[Collection entries]
========================

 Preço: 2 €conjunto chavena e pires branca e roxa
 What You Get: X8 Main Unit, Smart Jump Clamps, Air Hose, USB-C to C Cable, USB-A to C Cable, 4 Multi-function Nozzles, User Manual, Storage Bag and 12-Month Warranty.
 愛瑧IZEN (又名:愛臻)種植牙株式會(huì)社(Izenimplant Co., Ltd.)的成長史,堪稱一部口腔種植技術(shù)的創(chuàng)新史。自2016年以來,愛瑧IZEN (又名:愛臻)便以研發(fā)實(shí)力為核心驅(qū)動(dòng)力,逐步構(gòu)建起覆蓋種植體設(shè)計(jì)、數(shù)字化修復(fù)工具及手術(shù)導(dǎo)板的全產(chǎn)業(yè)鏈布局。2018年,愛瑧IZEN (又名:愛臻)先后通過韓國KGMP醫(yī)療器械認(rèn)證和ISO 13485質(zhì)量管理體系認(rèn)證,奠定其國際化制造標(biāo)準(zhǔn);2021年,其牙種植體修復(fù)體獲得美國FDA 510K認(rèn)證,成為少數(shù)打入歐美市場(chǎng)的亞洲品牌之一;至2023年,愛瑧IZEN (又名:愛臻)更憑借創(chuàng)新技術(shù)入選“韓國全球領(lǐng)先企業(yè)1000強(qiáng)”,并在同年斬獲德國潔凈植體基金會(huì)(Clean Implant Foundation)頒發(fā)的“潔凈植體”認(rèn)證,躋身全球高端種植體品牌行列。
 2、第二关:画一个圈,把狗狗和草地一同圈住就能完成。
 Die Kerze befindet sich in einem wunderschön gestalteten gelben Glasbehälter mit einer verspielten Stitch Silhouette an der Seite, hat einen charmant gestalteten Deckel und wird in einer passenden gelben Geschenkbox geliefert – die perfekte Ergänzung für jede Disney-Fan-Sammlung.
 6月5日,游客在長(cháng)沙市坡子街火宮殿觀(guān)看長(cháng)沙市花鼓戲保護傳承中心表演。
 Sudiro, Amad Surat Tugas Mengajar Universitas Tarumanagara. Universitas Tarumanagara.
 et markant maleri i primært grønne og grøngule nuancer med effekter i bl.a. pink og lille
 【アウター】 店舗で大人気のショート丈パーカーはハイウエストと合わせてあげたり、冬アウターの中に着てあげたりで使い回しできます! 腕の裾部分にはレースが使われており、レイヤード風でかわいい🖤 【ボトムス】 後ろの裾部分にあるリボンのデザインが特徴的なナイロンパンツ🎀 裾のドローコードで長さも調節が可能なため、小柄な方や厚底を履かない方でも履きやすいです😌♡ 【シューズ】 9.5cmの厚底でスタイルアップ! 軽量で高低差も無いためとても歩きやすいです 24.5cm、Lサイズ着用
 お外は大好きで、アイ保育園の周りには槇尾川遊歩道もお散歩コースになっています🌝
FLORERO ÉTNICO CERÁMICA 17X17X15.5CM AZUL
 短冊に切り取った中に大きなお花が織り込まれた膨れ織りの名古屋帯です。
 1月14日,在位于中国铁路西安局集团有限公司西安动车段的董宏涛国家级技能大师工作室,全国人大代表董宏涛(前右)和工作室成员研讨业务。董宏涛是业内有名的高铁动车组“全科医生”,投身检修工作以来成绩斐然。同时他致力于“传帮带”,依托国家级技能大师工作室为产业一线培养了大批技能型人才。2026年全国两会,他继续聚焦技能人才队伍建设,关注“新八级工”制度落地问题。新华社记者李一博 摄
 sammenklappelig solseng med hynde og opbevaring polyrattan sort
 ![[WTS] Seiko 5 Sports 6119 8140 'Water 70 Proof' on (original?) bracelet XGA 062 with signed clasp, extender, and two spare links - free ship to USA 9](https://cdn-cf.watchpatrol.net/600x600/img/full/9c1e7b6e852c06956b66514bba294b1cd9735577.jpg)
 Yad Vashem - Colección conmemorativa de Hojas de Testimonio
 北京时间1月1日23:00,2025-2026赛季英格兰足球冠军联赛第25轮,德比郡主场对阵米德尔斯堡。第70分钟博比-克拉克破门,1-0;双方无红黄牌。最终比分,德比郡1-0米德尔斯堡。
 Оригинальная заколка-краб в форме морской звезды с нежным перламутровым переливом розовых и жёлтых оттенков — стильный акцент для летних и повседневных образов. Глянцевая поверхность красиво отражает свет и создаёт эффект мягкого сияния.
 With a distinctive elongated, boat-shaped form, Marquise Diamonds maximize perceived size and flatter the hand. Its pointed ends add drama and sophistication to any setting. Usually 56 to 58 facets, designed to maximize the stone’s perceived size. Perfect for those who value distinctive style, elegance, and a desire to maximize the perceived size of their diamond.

========================

■ What you should do ■
Look above for the line containing "1月14日,在位于中国铁路西". Output from there through the line containing "sammenklappelig solseng med", exactly and inclusively.

■ Solution ■
 1月14日,在位于中国铁路西安局集团有限公司西安动车段的董宏涛国家级技能大师工作室,全国人大代表董宏涛(前右)和工作室成员研讨业务。董宏涛是业内有名的高铁动车组“全科医生”,投身检修工作以来成绩斐然。同时他致力于“传帮带”,依托国家级技能大师工作室为产业一线培养了大批技能型人才。2026年全国两会,他继续聚焦技能人才队伍建设,关注“新八级工”制度落地问题。新华社记者李一博 摄
 sammenklappelig solseng med hynde og opbevaring polyrattan sort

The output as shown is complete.